Assigned task - Nothing in the data may be altered as it is transcribed.

++++ Given information

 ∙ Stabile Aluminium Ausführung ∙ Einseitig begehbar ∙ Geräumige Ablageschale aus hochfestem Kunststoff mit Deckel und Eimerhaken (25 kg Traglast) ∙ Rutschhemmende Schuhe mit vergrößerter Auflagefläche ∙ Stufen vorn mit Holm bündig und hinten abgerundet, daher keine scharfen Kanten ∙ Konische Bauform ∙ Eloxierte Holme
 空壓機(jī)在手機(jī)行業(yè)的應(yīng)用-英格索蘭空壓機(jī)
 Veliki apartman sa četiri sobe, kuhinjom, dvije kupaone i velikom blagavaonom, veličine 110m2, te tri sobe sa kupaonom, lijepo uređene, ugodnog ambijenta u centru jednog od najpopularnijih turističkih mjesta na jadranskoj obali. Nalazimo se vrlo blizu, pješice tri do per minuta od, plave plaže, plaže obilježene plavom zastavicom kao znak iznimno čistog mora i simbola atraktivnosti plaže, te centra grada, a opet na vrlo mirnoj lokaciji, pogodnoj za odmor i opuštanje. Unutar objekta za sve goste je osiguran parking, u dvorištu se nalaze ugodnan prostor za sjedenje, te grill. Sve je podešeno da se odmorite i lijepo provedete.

++++++++

Finished task -
 ∙ Stabile Aluminium Ausführung ∙ Einseitig begehbar ∙ Geräumige Ablageschale aus hochfestem Kunststoff mit Deckel und Eimerhaken (25 kg Traglast) ∙ Rutschhemmende Schuhe mit vergrößerter Auflagefläche ∙ Stufen vorn mit Holm bündig und hinten abgerundet, daher keine scharfen Kanten ∙ Konische Bauform ∙ Eloxierte Holme
 空壓機(jī)在手機(jī)行業(yè)的應(yīng)用-英格索蘭空壓機(jī)
 Veliki apartman sa četiri sobe, kuhinjom, dvije kupaone i velikom blagavaonom, veličine 110m2, te tri sobe sa kupaonom, lijepo uređene, ugodnog ambijenta u centru jednog od najpopularnijih turističkih mjesta na jadranskoj obali. Nalazimo se vrlo blizu, pješice tri do per minuta od, plave plaže, plaže obilježene plavom zastavicom kao znak iznimno čistog mora i simbola atraktivnosti plaže, te centra grada, a opet na vrlo mirnoj lokaciji, pogodnoj za odmor i opuštanje. Unutar objekta za sve goste je osiguran parking, u dvorištu se nalaze ugodnan prostor za sjedenje, te grill. Sve je podešeno da se odmorite i lijepo provedete.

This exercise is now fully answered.